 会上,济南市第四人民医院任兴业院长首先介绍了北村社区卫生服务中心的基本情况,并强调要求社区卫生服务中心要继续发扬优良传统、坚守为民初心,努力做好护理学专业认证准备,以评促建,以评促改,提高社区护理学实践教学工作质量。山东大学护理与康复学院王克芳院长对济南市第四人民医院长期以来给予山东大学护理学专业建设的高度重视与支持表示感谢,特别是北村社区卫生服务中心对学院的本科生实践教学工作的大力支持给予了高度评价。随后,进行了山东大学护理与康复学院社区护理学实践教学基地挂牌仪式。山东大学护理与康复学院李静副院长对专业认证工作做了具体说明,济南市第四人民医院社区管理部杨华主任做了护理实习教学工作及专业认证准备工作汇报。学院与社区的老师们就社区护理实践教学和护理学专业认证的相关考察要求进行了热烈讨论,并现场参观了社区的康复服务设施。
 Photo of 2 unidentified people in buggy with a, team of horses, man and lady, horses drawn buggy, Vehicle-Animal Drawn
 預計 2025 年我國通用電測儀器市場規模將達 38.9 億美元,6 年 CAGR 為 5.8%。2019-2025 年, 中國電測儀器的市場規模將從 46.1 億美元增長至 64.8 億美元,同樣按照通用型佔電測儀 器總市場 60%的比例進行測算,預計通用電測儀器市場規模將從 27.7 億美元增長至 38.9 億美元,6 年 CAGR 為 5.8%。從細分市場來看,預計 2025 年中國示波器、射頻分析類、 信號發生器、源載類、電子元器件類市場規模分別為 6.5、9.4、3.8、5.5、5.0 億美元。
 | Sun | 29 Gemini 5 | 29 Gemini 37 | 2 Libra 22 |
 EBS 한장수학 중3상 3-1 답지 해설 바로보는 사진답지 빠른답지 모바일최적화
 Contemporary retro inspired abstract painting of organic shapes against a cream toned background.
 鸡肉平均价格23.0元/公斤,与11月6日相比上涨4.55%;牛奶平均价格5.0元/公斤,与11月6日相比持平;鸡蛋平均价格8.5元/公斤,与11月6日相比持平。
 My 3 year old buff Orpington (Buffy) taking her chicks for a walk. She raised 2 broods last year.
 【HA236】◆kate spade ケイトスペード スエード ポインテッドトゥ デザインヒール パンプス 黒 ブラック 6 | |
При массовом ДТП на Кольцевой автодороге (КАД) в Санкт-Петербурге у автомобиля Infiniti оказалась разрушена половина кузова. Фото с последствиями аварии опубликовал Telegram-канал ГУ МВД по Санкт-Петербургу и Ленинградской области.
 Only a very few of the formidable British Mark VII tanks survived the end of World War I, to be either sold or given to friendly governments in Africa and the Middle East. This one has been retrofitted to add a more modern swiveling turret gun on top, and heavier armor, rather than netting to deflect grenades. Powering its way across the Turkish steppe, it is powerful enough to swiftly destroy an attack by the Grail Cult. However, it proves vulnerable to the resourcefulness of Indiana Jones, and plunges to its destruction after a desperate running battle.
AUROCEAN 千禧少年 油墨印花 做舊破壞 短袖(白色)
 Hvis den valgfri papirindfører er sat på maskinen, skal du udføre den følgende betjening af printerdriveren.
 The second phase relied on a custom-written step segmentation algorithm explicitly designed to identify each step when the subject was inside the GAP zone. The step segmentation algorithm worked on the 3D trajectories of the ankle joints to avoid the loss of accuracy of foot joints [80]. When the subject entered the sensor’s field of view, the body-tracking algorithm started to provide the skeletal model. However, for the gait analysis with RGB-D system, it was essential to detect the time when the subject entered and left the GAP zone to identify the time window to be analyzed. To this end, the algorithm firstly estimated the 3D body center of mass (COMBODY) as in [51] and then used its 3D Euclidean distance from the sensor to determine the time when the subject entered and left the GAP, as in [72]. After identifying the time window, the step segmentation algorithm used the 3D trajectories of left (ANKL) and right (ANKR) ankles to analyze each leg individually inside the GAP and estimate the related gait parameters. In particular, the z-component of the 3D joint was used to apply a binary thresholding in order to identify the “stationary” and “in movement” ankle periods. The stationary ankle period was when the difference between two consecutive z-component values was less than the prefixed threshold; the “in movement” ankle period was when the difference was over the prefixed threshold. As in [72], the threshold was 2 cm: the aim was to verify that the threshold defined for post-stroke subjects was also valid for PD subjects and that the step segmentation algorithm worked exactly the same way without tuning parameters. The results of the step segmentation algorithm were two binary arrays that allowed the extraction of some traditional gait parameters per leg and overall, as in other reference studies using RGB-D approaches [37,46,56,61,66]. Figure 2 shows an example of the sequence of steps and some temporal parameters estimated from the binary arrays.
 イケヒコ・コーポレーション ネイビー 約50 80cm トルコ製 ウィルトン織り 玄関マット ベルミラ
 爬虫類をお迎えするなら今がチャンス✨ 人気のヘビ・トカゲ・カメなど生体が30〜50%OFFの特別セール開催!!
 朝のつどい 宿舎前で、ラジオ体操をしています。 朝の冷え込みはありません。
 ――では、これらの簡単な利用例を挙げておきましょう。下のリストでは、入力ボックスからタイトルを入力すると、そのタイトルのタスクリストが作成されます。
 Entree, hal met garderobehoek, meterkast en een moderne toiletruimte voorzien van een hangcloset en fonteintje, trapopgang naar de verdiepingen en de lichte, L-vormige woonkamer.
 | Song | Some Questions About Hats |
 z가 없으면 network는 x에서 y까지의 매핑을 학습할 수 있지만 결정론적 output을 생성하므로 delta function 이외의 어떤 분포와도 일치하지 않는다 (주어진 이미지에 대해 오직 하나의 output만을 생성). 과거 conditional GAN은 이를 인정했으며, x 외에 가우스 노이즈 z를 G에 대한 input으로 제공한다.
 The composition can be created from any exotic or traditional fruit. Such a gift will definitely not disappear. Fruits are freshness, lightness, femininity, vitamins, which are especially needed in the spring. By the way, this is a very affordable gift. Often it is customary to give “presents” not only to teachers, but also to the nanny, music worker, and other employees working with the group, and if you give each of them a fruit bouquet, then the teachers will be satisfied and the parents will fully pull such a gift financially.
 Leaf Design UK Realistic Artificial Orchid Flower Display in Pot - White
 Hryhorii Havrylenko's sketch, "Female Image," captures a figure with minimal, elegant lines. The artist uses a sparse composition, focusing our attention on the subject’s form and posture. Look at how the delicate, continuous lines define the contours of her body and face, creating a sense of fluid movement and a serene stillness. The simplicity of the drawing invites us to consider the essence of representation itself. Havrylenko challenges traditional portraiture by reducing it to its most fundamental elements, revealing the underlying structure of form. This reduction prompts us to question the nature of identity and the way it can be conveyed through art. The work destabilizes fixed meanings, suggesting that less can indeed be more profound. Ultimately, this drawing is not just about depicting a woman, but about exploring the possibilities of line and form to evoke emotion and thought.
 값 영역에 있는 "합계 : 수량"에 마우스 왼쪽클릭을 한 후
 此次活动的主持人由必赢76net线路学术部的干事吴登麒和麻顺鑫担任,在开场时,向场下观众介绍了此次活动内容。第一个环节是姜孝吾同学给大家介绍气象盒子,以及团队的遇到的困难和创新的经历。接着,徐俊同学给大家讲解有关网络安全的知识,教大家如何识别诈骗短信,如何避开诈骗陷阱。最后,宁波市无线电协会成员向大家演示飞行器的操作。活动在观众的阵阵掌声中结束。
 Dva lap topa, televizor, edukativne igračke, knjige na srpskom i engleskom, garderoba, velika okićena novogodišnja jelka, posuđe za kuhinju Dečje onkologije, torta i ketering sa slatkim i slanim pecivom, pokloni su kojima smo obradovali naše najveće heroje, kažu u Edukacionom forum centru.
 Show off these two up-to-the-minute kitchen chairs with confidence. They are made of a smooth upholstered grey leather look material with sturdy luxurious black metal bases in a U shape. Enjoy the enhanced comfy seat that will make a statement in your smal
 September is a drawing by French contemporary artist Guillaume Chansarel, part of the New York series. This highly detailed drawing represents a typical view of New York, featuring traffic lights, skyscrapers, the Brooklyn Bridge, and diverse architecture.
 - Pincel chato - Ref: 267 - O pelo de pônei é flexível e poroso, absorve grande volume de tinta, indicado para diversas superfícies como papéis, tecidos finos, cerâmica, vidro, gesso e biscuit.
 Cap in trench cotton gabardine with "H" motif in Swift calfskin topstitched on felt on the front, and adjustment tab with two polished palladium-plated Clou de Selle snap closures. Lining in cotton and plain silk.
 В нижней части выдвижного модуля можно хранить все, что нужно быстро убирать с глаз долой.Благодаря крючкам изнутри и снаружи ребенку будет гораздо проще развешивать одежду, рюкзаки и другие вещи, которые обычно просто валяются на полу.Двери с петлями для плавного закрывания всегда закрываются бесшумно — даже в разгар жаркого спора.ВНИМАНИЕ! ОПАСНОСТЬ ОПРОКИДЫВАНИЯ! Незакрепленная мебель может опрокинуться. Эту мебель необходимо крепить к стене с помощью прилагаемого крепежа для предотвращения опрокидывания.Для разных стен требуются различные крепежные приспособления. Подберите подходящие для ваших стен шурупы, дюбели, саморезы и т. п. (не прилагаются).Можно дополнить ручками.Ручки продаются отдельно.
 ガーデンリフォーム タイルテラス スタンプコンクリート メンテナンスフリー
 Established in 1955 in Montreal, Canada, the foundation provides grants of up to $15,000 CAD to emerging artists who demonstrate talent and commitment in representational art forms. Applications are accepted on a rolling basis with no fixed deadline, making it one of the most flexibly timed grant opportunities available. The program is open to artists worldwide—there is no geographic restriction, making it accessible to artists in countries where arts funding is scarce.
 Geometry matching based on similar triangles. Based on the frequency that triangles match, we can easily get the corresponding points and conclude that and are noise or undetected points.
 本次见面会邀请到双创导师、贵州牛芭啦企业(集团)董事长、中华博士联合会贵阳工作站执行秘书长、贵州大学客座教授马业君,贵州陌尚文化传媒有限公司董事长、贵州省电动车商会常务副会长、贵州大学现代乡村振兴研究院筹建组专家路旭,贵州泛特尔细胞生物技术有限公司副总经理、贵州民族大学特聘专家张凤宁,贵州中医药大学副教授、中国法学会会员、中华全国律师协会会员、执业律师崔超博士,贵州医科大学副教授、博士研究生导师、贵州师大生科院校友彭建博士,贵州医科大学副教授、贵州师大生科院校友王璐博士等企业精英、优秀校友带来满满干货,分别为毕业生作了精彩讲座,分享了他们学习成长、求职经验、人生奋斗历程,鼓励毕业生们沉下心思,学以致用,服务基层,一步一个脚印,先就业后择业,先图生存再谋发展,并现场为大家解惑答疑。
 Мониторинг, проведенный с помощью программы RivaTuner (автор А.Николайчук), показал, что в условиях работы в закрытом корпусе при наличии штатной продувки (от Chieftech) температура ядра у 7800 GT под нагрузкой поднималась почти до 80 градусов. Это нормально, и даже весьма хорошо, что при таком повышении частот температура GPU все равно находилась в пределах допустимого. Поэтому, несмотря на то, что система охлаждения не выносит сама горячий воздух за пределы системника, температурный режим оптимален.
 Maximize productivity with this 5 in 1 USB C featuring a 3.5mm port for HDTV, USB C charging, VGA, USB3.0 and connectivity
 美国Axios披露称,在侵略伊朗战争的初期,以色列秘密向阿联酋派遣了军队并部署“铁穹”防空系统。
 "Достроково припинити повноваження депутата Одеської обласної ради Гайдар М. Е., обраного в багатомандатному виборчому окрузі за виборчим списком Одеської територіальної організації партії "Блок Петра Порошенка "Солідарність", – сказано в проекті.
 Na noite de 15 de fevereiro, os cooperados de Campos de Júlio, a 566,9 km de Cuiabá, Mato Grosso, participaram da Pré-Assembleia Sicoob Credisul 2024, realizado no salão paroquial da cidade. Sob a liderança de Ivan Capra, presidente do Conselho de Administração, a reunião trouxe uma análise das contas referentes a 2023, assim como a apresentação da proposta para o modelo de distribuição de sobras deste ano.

**Instructions for the task**
Return only the number of lines in the data that hold the string "como".

**Exercise solution**
2